Homero é considerado um dos pais da literatura ocidental- se não o pai em sim- mas a verdade é que é uma figura controversa: alguns sustentam que, talvez, o autor da Ilíada e da Odisséia não seja um só indivíduo, mas uma ficção que acoberta centenas ou milhares de indivíduos, de trovadores de uma tradição épica já perdida. Ou ainda talvez ele tenha existido mas não criou os poemas que lhe são atribuídos: selecionou as versões e os catalogou, uma tarefa no mínimo tão árdua quanto a de os criar.
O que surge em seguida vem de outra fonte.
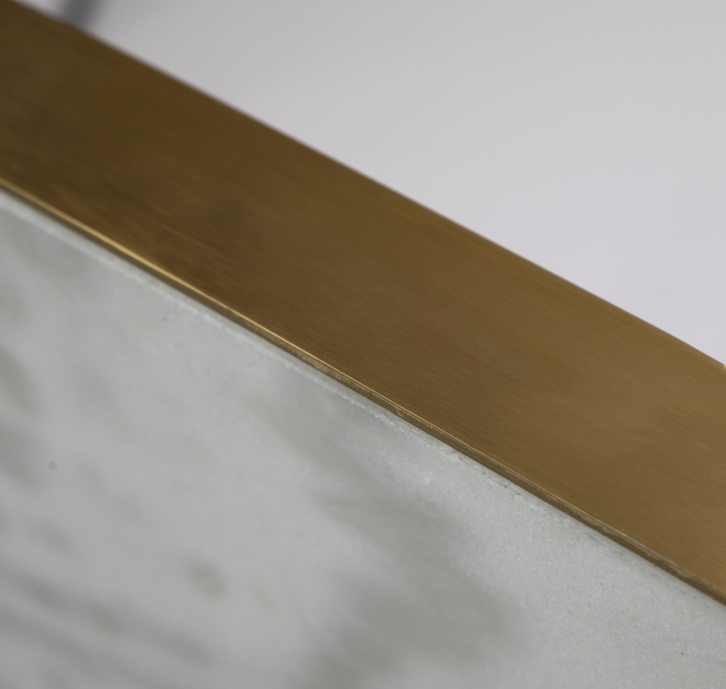 Tapa de mármol natural blanco con vetas en gris. Lleva el borde de metal dorado totalmente adherido a la piedra.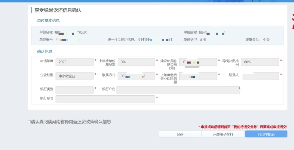 操作步骤:登录河南省社会保障网上服务平台——单位业务——享受稳岗返还信息确认——勾选“确认享受”。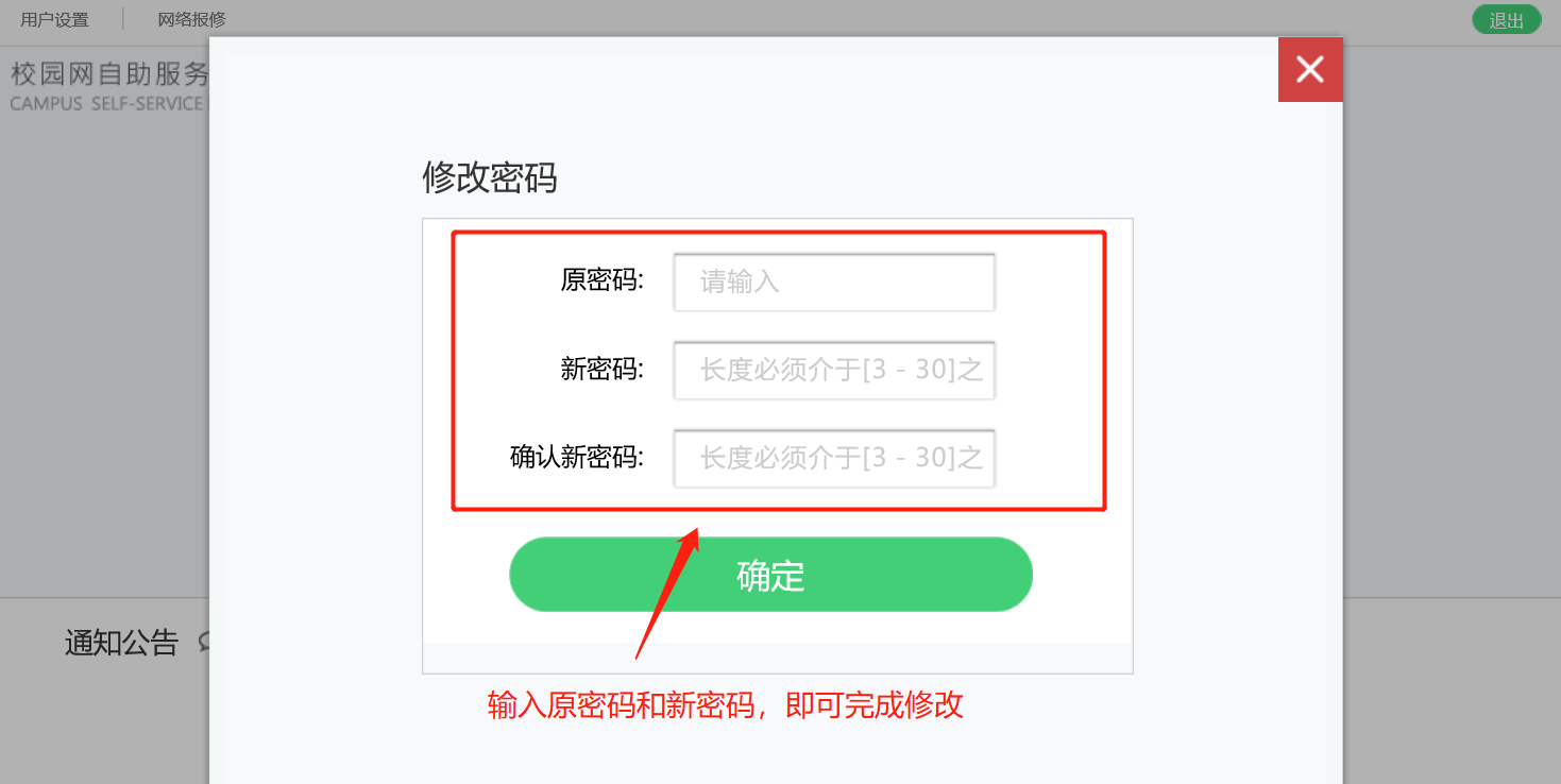 自助服务网址:http://10.255.100.1:8080/selfservice/

Em o ‘Dossiê H’ o escritor Ismal Kadaré transporta dois homeristas- estudiosos do poeta cego e sua obra- irlandeses para sua Albânia em busca da resposta para o enigma de Homero; na primeira metade do século XX, quando se passa a ação do livro, a Albânia era um lugar extremamente singular, em que o começo de uma modernidade imiscuia-se e transmutava tradições milenares e a poesia época e o trovadorismo davam lá seus últimos suspiros.

Munidos de um ‘magnetofone’- um esboço de gravador de som- e certa ingenuidade acadêmica os dois homeristas acabam sendo envolvidos, sem saber, no milenar conflito sérvio-albanes, em intrigas políticas e até mesmo nas fantasias eróticas de mulheres provincianas, enquanto tentam registrar as alterações sofridas pelos últimos épicos a cada vez que são cantados, para que possam reconstruir o esforço homérico.

Não cabe aqui um spoiler, contando o resultado. Basta-me escrever que mesmo não estando entre as principais obras de Kadaré- e com razão quando pensamos em ‘Abril Despedaçado’ ou ‘Concerto no fim do Inverno’- ‘O Dossiê H’ é um livro muito bom, que mostra de modo breve e conciso o porque de Marguerite Yourcenar ter dito que a literatura albanesa supera, hoje, a francesa, mesmo que o seu único autor com um reconhecimento universal seja Kadaré- cuja escrita consegue misturar beleza, tristeza e mesmo humor de modo que o resultado final é sempre algo singular.